The simplest description of her internationally recognised work is probably that she found out why some children have more difficulty reading than others - and developed a system which allowed the problems, in many cases, to be fixed.
It was a formidable scientific task, now often simply referred to as "reading recovery". Tens of thousands of children in many countries around the world have learned to read with specialised help, despite showing signs of marked reading difficulties and risking failure.
Clay said in 1988 that of the 50,000 New Zealand children then starting to read each year "80 to 90 per cent of them learn how to read no matter how you teach them".
But the problem was that "but it also seems that, no matter how good your programme is, you are going to have children who for different reasons will have difficulties".
Twelve years before, she had started designing a reading recovery programme to help. First she had to find how children read "normally" so she could use this knowledge.

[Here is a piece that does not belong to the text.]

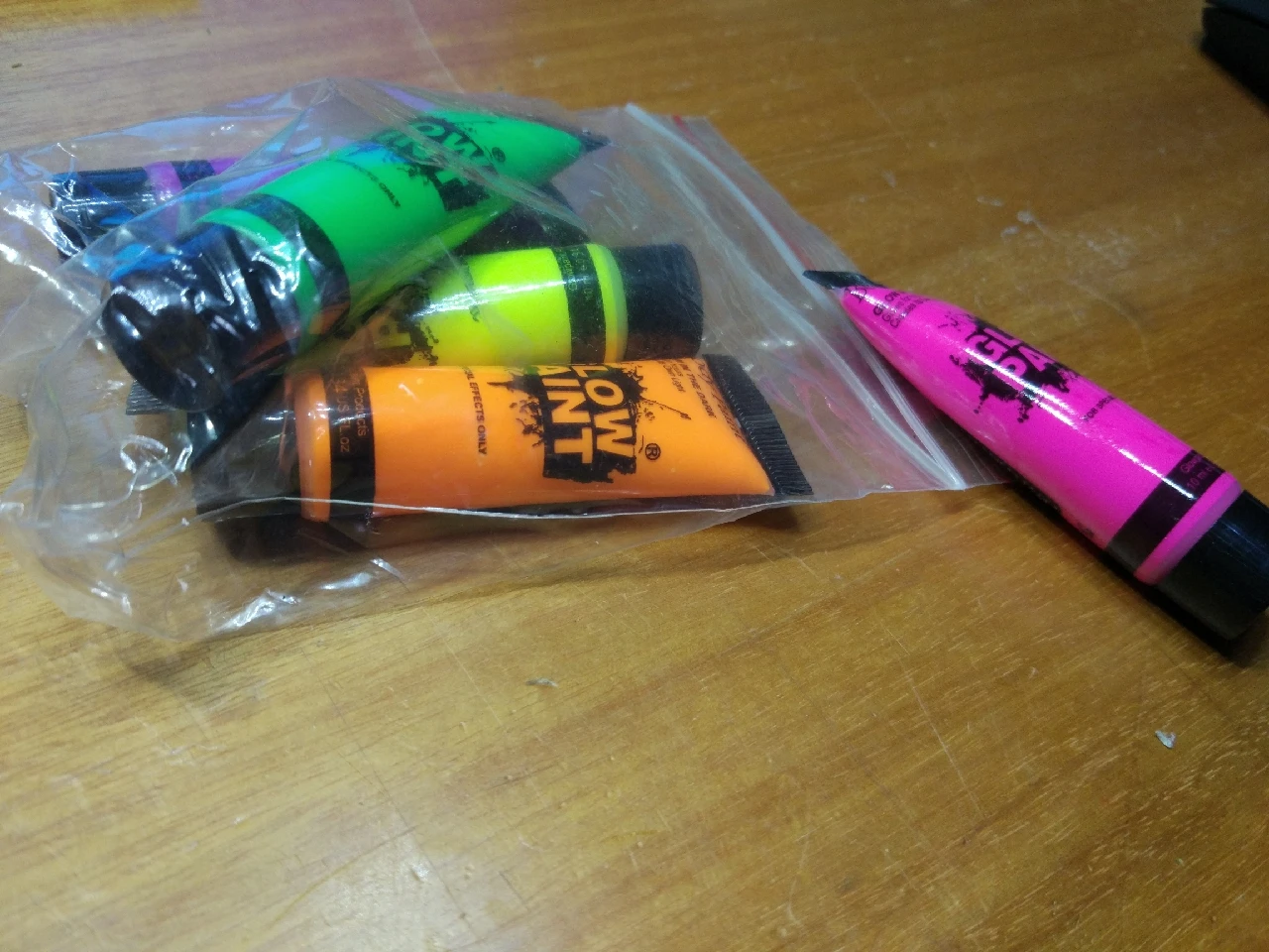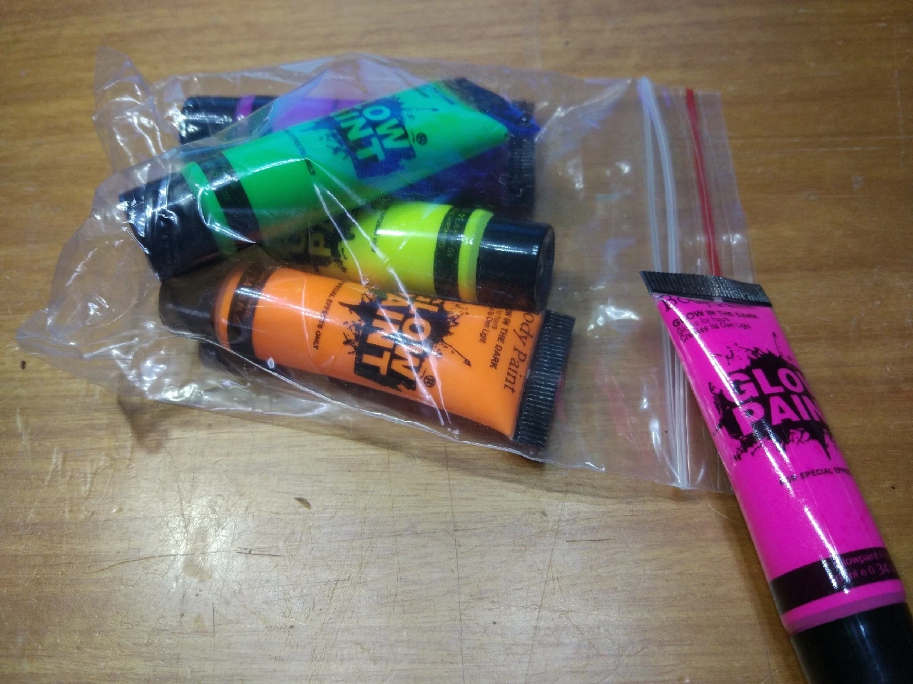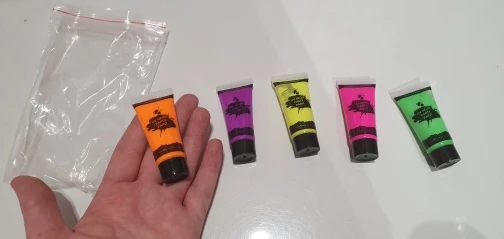 Краски яркие, неоновые цвета, хорошо смываются, но - не светятся. Я их и на свет дневной выкладывал, и просто в темноте открывал - все одно, не светятся. Переживать не стал, и так сойдет.
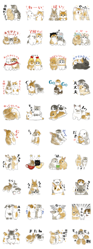 mofusandさんのスタンプはどれも可愛くて、特にうさぎと猫の組み合わせが最高だと思いました。友達にもよく使っています。

Learning to read was, she told the Herald, a highly patterned and highly complex process. She described it as a mixture of word knowledge and general comprehension.
The reading recovery programme she developed picks up 6-year-old children struggling with reading after their first year in the classroom. Left any later, it was much harder to fix.
Clay was the author of 32 books still in use worldwide.
Wellington-born, Marie Clay (nee Irwin) was the first woman to gain a full professorship at the University of Auckland in 1975, having begun lecturing in 1962.
She was made a Dame in 1987, named a New Zealander of the Year in 1994 and received a host of overseas awards and honours.
But her major legacy is summed up in a 1988 assessment that her system meant only about 1 per cent of all New Zealand's young readers then needed more special help. The figure overseas at the time was about 15 per cent.
She is survived by her children Alan and Jenny.